The Agent, as transfer agent, shall record the transfer of beneficial interests in the Shares from time to time upon the delivery of such documentation as the Agent deems necessary to evidence the authority of the transferor to make such transfer, and bearing evidence of payment of transfer taxes, if any.

12. Governing Law

This Agreement shall be governed by and construed in accordance with the laws of the State of New Jersey without regard to its conflicts of laws principles. The parties agree that the United States District Court for the District of New Jersey or the Superior Court of New Jersey, Bergen County, shall have sole and exclusive jurisdiction to determine any issues arising under this Agreement, and all parties to this Agreement agree to submit to personal jurisdiction in New Jersey for the purpose of resolving any issue arising under or related to this Agreement.

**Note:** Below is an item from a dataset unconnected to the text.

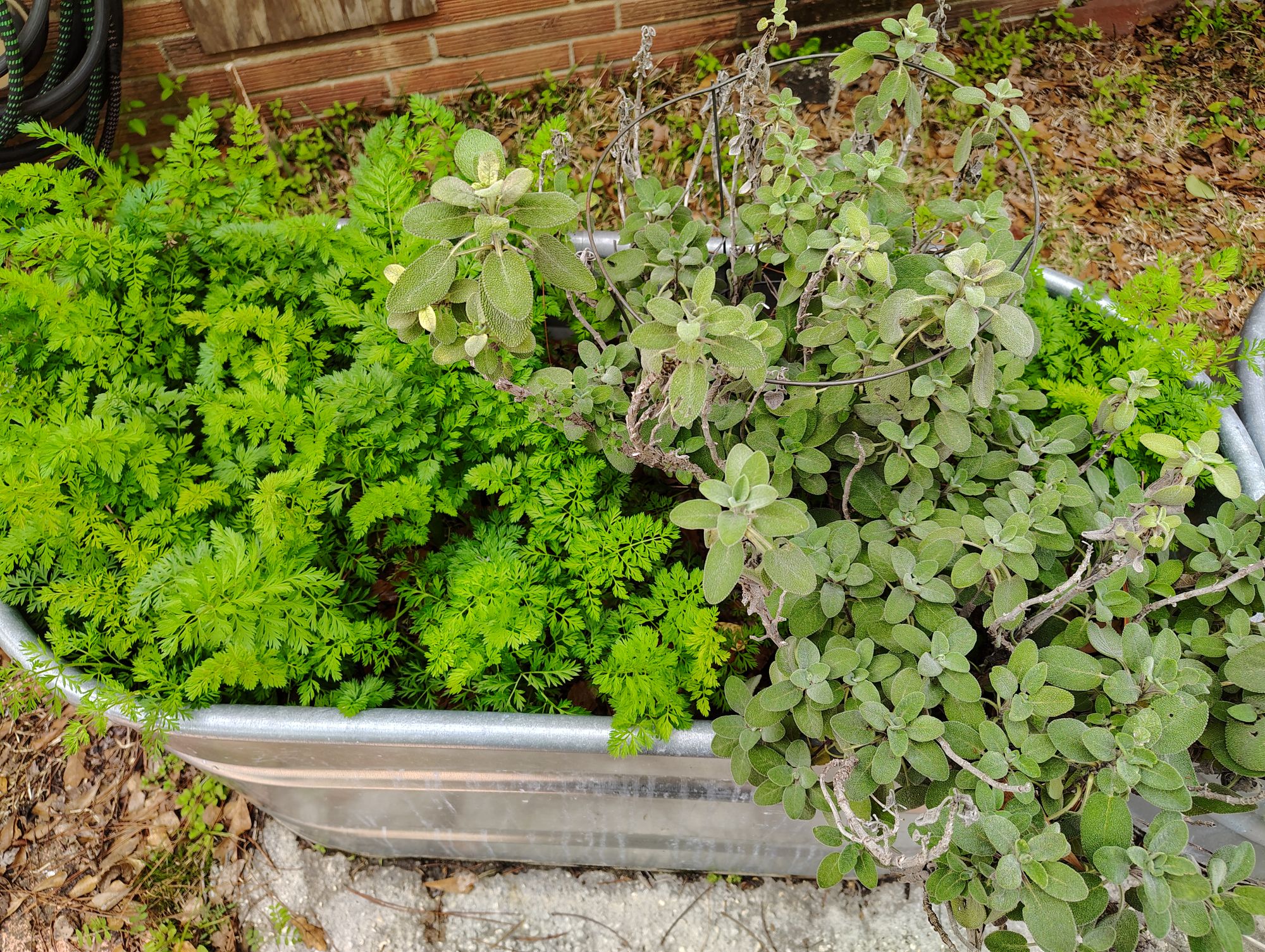 The sage and the carrots keep spreading out and seem to love the cold weather.
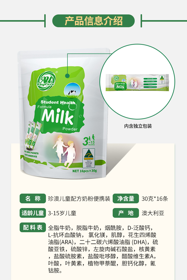澳大利亚进口 Au Kingcare 珍澳高钙速溶奶粉(便携袋装)480克

13. Confidentiality and Notices

Agent shall maintain the confidentially of all information and material regarding the Shares and holders of the Shares, other than as agreed to by Netcapital or Issuer in writing, or if required by court order or other legal process. This Section 13 shall survive termination of this Agreement.

14. Successor Agent

The Agent is hereby authorized without any further action on the part of Issuer or Netcapital to appoint as successor transfer agent and registrar any corporation or company which may succeed to the business of the transfer agent and registrar by merger, consolidation or otherwise (such corporation or company being hereinafter called the "Successor"); the Successor to have the same authority and appointment, contained in this agreement as if Issuer had appointed it transfer agent and registrar. The Successor shall, when appointed, be Agent of Issuer. Agent agrees to cooperate and provide such information and assistance as reasonably requested by the Successor to fulfill its responsibilities and obligations as a successor transfer agent and registrar to the Agent.

15. Entire Agreement

This Agreement contains the entire Agreement of the parties and no representations, inducements, promises or agreements oral or otherwise not embodied herein shall be of any force or effect. If any provisions of this Agreement are held for any reason to be unenforceable, the remainder of this Agreement shall nevertheless remain in full force and effect.

16. Assignment; Amendment

This Agreement may not be assigned or amended by any party without the consent of the other parties, other than as provided under Section 14.

17. Successors

This Agreement is for the benefit of the parties and shall bind and inure to the benefit of their respective successors and permitted assigns.

WITNESS WHEREOF, the parties have executed and delivered this Agreement.